Data extracted from a collection
• • • •
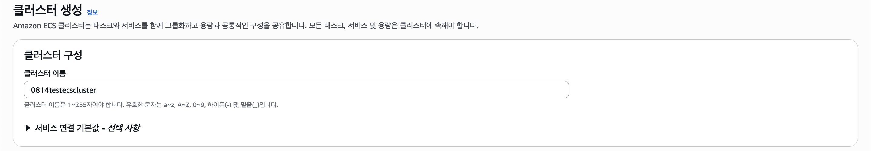 환경변수도 적당히 넣어줬다. 이제 ECS Fargate 클러스터를 만들어보자.
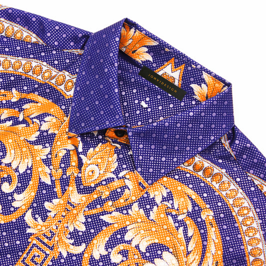 Baroque Globe Pattern Print Camp Collar Long Sleeve Shirt
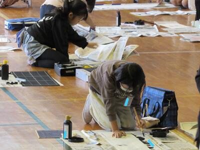 3年生は、書きぞめの専門家の野口様をお迎えし、たくさんのことを学んでいますよ。
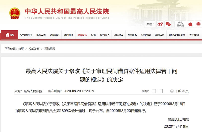 《最高人民法院關(guān)于修改〈關(guān)于審理民間借貸案件適用法律若干問(wèn)題的規(guī)定〉的決定》已于2020年8月18日由最高人民法院審判委員會(huì)第1809次會(huì)議通過(guò),現(xiàn)予公布,自2020年8月20日起施行。
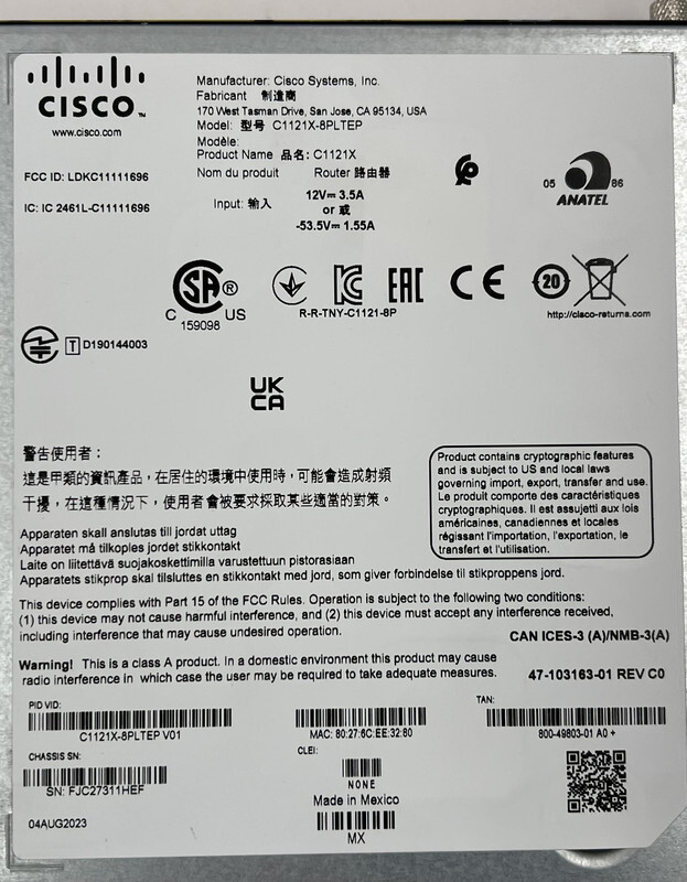 Cisco C1121X-8PLTEP ISR 1100 SERIES INTEGRATED SERVICE ROUTER This item is brand new and comes with accessories in an opened box as shown.
• • • •
TASK GOAL
From the records given above, reproduce all text exactly and exclude each picture.

RESPONSE TO THIS EXERCISE
 환경변수도 적당히 넣어줬다. 이제 ECS Fargate 클러스터를 만들어보자.
 Baroque Globe Pattern Print Camp Collar Long Sleeve Shirt
 3年生は、書きぞめの専門家の野口様をお迎えし、たくさんのことを学んでいますよ。
 《最高人民法院關(guān)于修改〈關(guān)于審理民間借貸案件適用法律若干問(wèn)題的規(guī)定〉的決定》已于2020年8月18日由最高人民法院審判委員會(huì)第1809次會(huì)議通過(guò),現(xiàn)予公布,自2020年8月20日起施行。
 Cisco C1121X-8PLTEP ISR 1100 SERIES INTEGRATED SERVICE ROUTER This item is brand new and comes with accessories in an opened box as shown.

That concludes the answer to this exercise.